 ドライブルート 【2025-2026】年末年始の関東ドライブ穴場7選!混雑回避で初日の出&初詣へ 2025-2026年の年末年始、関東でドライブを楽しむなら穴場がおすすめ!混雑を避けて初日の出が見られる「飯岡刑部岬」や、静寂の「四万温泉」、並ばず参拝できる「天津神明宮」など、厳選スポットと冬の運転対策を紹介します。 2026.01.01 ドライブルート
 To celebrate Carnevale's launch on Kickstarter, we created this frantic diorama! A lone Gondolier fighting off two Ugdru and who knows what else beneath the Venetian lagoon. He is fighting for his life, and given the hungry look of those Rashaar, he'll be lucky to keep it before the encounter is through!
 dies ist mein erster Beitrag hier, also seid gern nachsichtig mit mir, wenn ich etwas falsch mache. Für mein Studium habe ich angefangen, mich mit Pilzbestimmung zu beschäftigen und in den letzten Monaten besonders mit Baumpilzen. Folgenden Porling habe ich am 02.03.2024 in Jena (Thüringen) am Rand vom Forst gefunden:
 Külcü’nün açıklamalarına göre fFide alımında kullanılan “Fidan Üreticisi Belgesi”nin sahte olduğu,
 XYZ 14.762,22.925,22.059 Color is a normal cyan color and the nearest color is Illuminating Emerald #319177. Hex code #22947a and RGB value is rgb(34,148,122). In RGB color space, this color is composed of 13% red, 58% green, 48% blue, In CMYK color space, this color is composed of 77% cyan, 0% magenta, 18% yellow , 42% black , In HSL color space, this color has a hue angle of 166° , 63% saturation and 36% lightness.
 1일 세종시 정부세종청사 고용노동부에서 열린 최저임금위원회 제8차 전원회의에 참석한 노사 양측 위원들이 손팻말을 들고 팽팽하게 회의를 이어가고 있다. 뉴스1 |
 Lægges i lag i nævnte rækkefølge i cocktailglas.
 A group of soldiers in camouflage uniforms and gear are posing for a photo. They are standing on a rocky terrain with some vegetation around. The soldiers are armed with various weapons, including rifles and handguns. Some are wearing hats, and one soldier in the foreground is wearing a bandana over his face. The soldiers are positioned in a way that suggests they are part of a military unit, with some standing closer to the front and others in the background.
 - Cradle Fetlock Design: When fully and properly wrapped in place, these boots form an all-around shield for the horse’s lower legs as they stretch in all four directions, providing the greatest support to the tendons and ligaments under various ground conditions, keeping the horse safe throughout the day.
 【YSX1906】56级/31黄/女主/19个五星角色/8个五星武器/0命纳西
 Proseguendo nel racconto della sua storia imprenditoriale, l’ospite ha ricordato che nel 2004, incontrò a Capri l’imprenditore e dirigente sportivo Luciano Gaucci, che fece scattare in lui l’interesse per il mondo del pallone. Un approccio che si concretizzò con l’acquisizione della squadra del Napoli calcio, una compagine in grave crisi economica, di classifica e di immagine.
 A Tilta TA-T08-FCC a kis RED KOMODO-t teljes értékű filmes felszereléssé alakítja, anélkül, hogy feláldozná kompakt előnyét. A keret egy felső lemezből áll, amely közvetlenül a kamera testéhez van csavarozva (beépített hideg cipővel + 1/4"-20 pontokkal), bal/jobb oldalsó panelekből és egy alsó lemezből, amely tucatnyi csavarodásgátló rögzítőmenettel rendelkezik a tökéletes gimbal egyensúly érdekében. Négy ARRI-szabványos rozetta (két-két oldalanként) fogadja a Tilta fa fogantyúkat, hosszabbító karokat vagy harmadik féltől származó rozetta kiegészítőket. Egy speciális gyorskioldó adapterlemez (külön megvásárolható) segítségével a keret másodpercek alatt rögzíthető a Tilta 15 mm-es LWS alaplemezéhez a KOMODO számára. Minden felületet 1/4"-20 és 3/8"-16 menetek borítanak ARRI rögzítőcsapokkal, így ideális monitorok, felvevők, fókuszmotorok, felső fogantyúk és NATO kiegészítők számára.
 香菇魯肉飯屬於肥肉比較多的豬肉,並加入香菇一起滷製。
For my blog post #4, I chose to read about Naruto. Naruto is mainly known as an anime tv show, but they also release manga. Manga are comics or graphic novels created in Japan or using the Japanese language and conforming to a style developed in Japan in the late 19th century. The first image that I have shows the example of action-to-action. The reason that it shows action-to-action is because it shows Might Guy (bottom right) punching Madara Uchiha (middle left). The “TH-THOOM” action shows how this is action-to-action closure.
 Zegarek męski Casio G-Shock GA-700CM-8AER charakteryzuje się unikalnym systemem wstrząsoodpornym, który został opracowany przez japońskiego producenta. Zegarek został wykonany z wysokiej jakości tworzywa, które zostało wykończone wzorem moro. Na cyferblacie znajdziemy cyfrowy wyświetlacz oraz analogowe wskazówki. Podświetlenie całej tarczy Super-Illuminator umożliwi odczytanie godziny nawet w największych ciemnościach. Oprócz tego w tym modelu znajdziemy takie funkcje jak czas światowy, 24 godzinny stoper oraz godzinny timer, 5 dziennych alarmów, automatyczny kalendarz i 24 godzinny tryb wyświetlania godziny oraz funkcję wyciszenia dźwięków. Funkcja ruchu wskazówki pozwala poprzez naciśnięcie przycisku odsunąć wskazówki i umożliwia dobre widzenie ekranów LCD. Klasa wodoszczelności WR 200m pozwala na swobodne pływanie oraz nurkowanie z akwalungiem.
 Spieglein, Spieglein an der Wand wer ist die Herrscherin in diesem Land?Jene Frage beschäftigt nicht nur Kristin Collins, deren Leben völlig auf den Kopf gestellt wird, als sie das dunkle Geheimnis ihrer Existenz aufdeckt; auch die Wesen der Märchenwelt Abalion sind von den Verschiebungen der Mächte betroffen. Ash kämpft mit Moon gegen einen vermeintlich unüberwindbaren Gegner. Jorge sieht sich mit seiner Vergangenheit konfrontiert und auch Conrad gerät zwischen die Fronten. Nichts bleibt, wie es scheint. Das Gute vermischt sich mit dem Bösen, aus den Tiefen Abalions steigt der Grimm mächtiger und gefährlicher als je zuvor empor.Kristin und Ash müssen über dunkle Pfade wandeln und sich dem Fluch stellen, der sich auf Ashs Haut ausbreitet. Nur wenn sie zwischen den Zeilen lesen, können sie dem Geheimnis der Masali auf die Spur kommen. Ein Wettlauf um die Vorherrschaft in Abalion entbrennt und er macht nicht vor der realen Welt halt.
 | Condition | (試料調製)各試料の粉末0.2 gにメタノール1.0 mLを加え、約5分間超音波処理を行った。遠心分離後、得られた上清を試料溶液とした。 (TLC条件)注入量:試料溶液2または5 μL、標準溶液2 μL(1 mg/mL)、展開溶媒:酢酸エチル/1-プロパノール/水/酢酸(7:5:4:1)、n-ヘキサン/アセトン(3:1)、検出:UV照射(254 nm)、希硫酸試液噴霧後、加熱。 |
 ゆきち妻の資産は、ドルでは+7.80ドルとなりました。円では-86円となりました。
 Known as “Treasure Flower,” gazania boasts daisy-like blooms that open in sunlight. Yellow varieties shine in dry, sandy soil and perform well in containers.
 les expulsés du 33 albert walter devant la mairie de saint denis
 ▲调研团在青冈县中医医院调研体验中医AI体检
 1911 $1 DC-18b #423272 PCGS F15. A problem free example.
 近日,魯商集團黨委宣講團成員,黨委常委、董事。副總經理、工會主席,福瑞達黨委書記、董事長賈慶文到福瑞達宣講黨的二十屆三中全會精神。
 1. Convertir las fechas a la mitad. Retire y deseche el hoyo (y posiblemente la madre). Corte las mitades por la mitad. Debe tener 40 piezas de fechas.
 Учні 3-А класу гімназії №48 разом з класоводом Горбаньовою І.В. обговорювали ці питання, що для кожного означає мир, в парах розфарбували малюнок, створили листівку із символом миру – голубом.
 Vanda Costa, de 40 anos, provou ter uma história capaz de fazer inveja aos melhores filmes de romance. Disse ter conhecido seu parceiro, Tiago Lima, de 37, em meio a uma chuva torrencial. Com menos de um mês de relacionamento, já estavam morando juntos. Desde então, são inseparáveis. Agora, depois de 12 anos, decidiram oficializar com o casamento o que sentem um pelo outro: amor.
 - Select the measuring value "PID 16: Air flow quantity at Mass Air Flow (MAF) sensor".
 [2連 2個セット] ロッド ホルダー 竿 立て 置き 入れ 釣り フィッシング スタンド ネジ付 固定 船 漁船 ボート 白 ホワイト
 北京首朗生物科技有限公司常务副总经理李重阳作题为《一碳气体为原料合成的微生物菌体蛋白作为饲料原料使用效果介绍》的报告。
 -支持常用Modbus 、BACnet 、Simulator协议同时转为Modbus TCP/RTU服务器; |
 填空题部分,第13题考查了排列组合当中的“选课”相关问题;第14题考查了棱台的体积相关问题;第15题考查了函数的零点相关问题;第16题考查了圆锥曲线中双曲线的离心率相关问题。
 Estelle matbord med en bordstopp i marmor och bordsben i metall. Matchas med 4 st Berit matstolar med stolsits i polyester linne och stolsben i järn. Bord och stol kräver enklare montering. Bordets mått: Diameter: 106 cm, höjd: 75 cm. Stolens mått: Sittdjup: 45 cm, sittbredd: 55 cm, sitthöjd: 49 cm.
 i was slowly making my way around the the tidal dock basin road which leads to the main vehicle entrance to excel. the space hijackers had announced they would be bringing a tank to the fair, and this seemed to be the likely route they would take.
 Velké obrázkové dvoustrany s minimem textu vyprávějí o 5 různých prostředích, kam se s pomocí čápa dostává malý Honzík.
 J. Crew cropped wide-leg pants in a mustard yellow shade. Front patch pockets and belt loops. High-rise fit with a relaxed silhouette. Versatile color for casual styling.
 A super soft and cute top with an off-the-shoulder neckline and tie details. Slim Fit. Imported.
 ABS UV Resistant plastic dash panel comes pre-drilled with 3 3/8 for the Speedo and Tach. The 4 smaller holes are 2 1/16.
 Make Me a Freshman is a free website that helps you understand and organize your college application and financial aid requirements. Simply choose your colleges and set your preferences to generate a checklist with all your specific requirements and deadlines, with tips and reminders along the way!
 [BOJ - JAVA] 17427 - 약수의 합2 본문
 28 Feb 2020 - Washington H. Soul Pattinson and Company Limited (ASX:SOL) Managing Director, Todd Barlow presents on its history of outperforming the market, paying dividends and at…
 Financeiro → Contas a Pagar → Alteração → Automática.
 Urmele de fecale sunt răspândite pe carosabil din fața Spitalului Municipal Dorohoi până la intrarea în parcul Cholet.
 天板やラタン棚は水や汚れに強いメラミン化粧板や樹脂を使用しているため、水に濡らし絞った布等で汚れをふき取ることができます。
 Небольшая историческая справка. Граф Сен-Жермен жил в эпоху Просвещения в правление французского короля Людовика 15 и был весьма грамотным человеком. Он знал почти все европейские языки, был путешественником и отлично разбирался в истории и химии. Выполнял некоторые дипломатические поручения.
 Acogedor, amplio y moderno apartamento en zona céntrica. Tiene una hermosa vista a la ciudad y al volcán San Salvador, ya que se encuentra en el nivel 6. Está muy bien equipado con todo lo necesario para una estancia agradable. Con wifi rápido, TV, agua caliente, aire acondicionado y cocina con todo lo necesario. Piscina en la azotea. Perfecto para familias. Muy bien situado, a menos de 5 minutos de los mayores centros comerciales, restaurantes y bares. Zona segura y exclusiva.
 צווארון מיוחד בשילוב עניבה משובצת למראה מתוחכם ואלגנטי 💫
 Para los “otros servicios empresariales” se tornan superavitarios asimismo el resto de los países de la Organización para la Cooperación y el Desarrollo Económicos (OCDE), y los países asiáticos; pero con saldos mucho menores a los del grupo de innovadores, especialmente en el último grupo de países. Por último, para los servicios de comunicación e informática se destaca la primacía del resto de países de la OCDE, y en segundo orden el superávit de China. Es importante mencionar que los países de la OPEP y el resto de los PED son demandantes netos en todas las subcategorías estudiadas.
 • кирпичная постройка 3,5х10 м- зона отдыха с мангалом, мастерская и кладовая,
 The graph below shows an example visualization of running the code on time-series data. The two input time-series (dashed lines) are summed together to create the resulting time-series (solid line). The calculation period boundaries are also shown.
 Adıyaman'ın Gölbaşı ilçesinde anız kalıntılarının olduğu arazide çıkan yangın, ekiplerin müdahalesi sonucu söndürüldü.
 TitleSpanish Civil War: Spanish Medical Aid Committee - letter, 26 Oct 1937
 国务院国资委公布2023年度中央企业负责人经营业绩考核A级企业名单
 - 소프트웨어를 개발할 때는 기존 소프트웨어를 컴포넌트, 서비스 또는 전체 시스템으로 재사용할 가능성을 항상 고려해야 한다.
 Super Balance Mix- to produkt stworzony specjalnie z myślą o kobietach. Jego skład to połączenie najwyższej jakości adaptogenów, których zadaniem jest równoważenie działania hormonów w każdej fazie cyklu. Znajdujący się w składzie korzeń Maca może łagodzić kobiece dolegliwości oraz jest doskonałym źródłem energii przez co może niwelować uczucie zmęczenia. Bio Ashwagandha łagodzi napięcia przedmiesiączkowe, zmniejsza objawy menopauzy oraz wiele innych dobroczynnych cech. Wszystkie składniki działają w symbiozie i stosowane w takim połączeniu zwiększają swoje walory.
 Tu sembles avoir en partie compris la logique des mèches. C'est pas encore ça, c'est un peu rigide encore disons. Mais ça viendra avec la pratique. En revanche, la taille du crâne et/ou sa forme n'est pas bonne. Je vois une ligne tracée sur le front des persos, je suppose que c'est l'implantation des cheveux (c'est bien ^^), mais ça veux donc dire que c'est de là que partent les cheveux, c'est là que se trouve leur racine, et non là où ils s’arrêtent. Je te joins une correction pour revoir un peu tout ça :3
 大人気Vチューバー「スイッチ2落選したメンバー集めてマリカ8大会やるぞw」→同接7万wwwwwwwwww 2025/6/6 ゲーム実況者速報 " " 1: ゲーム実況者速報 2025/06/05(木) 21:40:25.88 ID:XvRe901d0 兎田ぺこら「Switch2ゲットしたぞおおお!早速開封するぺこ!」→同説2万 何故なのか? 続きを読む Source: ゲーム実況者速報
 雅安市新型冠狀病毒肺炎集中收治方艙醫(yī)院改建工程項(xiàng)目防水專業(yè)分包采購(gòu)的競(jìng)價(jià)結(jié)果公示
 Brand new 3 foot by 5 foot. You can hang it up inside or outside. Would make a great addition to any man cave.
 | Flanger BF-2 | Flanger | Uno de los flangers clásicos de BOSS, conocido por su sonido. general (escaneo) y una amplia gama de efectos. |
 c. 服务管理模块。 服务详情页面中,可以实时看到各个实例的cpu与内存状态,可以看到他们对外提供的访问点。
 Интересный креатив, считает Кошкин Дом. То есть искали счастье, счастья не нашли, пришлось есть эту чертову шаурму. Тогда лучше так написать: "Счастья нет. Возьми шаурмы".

**WHAT YOU NEED TO DO:** Starting at the line that has "The graph below" and ending at the line that has "Adıyaman'ın Gölbaşı ilçesinde", please write out the lines above exactly, leaving out all others.

**PROBLEM SOLUTION:**
 The graph below shows an example visualization of running the code on time-series data. The two input time-series (dashed lines) are summed together to create the resulting time-series (solid line). The calculation period boundaries are also shown.
 Adıyaman'ın Gölbaşı ilçesinde anız kalıntılarının olduğu arazide çıkan yangın, ekiplerin müdahalesi sonucu söndürüldü.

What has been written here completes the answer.